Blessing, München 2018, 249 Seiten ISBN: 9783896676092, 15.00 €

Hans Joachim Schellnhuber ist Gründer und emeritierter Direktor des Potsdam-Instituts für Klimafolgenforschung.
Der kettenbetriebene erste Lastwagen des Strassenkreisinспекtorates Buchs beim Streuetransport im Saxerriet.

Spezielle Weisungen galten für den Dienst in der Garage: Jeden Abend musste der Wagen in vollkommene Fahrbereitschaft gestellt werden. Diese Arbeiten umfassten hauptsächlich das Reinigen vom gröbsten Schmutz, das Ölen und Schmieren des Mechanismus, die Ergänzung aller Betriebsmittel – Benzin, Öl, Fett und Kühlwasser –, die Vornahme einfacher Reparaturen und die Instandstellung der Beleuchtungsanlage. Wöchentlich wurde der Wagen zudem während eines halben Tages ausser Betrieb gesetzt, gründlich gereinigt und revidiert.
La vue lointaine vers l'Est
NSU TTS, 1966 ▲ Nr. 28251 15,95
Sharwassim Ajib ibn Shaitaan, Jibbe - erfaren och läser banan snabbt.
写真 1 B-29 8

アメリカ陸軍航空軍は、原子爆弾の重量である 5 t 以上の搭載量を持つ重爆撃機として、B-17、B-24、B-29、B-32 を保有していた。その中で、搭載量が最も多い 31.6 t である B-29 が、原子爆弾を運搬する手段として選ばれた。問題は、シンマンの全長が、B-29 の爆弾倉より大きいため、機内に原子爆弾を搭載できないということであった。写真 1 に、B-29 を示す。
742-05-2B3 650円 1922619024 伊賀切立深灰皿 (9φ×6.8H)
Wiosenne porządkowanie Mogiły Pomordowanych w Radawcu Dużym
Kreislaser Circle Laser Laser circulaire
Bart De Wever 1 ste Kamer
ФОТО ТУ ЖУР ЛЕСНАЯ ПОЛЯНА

□ □ □ □ □

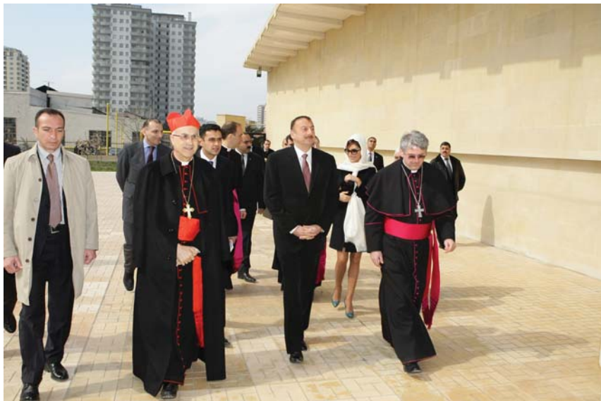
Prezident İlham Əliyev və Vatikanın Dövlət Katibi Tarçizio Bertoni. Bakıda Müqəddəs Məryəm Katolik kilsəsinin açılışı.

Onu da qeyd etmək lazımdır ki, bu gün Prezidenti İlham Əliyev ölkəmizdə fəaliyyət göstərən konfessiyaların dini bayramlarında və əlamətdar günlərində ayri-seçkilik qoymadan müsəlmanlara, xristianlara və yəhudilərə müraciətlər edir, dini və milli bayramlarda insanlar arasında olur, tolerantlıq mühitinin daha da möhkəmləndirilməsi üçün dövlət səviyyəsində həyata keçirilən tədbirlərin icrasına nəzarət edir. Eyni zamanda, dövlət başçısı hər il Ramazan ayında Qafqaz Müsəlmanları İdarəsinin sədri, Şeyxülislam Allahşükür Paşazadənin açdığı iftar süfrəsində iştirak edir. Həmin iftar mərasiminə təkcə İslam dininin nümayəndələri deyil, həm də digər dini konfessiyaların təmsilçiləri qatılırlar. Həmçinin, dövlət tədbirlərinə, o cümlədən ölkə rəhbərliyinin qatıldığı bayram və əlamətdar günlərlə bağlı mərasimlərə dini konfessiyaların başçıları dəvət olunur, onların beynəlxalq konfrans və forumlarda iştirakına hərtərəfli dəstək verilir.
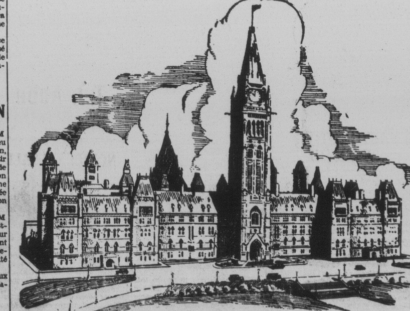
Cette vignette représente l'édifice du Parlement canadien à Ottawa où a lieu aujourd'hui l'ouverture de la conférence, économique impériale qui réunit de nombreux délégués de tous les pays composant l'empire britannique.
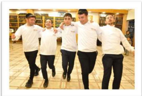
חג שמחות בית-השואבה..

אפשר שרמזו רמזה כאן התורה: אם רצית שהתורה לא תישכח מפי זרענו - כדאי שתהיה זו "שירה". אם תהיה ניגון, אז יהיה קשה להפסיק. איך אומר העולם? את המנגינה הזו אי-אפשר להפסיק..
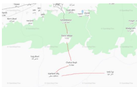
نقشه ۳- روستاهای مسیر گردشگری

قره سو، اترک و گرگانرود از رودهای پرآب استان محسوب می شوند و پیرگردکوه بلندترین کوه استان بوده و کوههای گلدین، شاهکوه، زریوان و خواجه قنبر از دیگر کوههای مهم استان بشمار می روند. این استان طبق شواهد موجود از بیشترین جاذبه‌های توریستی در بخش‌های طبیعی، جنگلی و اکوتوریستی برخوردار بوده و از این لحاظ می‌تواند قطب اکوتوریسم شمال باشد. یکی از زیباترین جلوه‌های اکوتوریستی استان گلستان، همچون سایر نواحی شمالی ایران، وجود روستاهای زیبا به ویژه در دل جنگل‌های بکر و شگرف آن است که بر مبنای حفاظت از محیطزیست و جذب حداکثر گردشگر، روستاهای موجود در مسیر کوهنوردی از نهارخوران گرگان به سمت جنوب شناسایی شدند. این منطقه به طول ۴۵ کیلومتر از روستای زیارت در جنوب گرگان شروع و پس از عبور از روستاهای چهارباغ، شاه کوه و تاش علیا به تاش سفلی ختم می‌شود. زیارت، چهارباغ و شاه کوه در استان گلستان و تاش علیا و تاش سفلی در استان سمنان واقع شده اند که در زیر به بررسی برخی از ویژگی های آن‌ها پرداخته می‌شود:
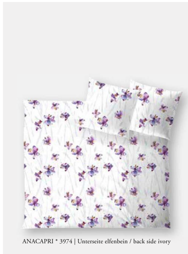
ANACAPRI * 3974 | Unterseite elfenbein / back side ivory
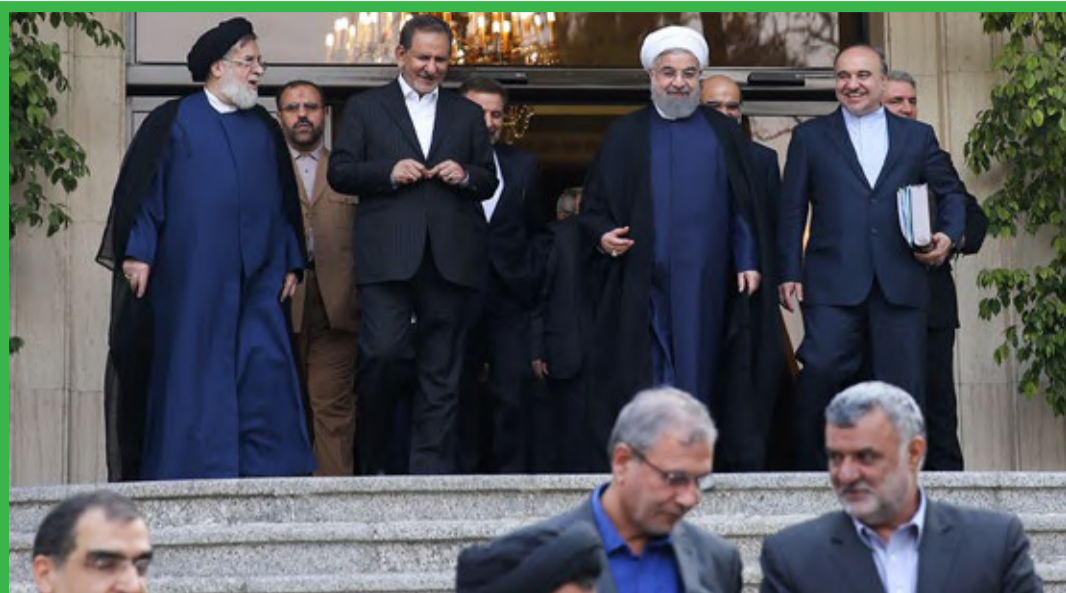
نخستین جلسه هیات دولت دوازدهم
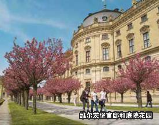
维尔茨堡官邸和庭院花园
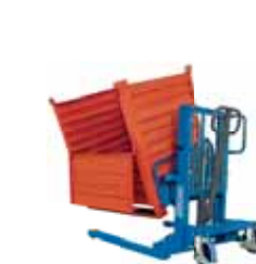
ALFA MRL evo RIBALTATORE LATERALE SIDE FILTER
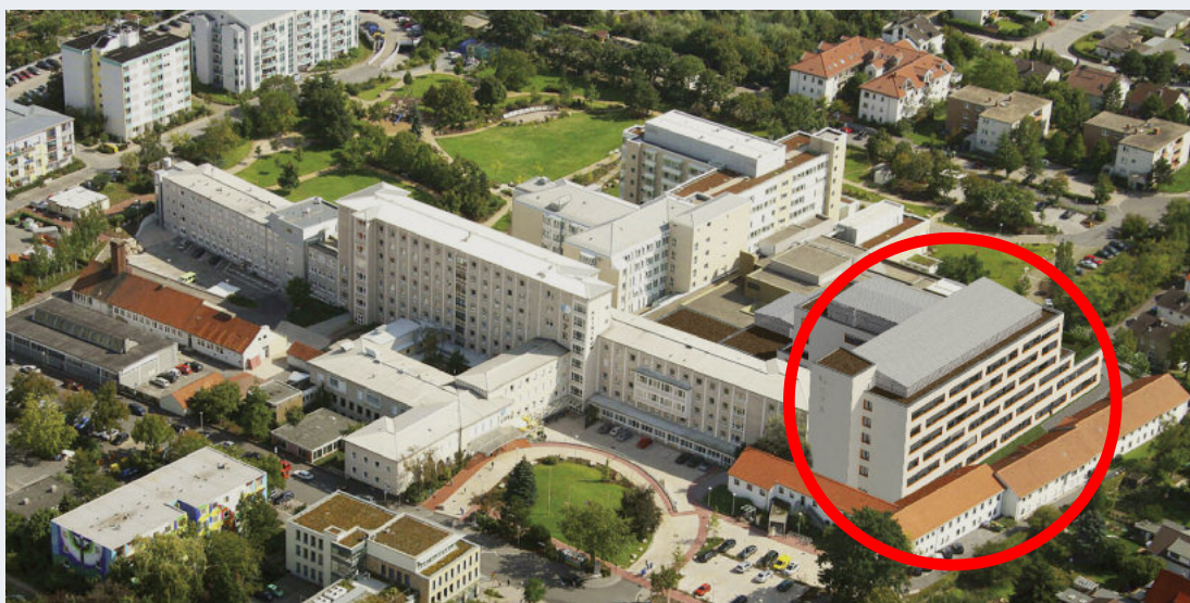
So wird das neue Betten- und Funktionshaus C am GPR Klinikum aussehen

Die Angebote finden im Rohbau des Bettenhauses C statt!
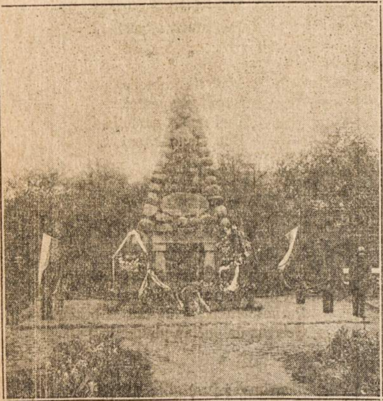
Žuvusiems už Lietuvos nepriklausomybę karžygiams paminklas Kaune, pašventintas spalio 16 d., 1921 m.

□ □ □ □ □

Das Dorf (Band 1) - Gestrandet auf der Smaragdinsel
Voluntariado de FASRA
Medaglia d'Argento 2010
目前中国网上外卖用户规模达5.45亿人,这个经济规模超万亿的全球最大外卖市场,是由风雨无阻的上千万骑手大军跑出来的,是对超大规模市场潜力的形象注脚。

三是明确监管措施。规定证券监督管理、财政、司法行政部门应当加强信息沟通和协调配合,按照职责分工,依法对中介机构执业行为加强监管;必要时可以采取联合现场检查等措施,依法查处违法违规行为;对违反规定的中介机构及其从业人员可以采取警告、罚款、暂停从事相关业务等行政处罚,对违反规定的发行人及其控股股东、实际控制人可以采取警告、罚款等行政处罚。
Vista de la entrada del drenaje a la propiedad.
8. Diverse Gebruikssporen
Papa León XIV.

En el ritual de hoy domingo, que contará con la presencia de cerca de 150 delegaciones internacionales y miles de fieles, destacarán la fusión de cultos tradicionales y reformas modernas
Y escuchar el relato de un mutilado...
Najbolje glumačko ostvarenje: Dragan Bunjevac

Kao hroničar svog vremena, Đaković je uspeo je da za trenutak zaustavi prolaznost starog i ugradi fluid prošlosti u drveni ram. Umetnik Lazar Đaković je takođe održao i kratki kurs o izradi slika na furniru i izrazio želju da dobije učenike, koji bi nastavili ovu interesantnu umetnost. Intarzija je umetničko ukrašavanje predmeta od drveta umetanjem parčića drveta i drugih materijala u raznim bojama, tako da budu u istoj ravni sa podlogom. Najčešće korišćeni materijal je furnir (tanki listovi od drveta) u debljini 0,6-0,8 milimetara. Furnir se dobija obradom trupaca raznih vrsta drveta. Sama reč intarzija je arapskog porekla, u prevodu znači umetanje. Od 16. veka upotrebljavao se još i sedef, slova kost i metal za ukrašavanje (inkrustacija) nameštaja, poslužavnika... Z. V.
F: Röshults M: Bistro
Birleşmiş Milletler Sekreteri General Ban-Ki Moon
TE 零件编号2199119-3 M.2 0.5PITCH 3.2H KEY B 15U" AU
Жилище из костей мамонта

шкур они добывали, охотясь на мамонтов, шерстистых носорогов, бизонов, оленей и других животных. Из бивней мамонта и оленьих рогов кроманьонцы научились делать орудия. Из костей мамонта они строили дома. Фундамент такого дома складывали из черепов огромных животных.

□ □ □ □ □

PROBLEM STATEMENT — Would you retype exactly the lines above, from the line with "Blessing, München 2018, 249" to the line with "ФОТО ТУ ЖУР ЛЕСНАЯ ПОЛЯНА", with both end lines kept and nothing more?

TASK ANSWER —
Blessing, München 2018, 249 Seiten ISBN: 9783896676092, 15.00 €

Hans Joachim Schellnhuber ist Gründer und emeritierter Direktor des Potsdam-Instituts für Klimafolgenforschung.
Der kettenbetriebene erste Lastwagen des Strassenkreisinспекtorates Buchs beim Streuetransport im Saxerriet.

Spezielle Weisungen galten für den Dienst in der Garage: Jeden Abend musste der Wagen in vollkommene Fahrbereitschaft gestellt werden. Diese Arbeiten umfassten hauptsächlich das Reinigen vom gröbsten Schmutz, das Ölen und Schmieren des Mechanismus, die Ergänzung aller Betriebsmittel – Benzin, Öl, Fett und Kühlwasser –, die Vornahme einfacher Reparaturen und die Instandstellung der Beleuchtungsanlage. Wöchentlich wurde der Wagen zudem während eines halben Tages ausser Betrieb gesetzt, gründlich gereinigt und revidiert.
La vue lointaine vers l'Est
NSU TTS, 1966 ▲ Nr. 28251 15,95
Sharwassim Ajib ibn Shaitaan, Jibbe - erfaren och läser banan snabbt.
写真 1 B-29 8

アメリカ陸軍航空軍は、原子爆弾の重量である 5 t 以上の搭載量を持つ重爆撃機として、B-17、B-24、B-29、B-32 を保有していた。その中で、搭載量が最も多い 31.6 t である B-29 が、原子爆弾を運搬する手段として選ばれた。問題は、シンマンの全長が、B-29 の爆弾倉より大きいため、機内に原子爆弾を搭載できないということであった。写真 1 に、B-29 を示す。
742-05-2B3 650円 1922619024 伊賀切立深灰皿 (9φ×6.8H)
Wiosenne porządkowanie Mogiły Pomordowanych w Radawcu Dużym
Kreislaser Circle Laser Laser circulaire
Bart De Wever 1 ste Kamer
ФОТО ТУ ЖУР ЛЕСНАЯ ПОЛЯНА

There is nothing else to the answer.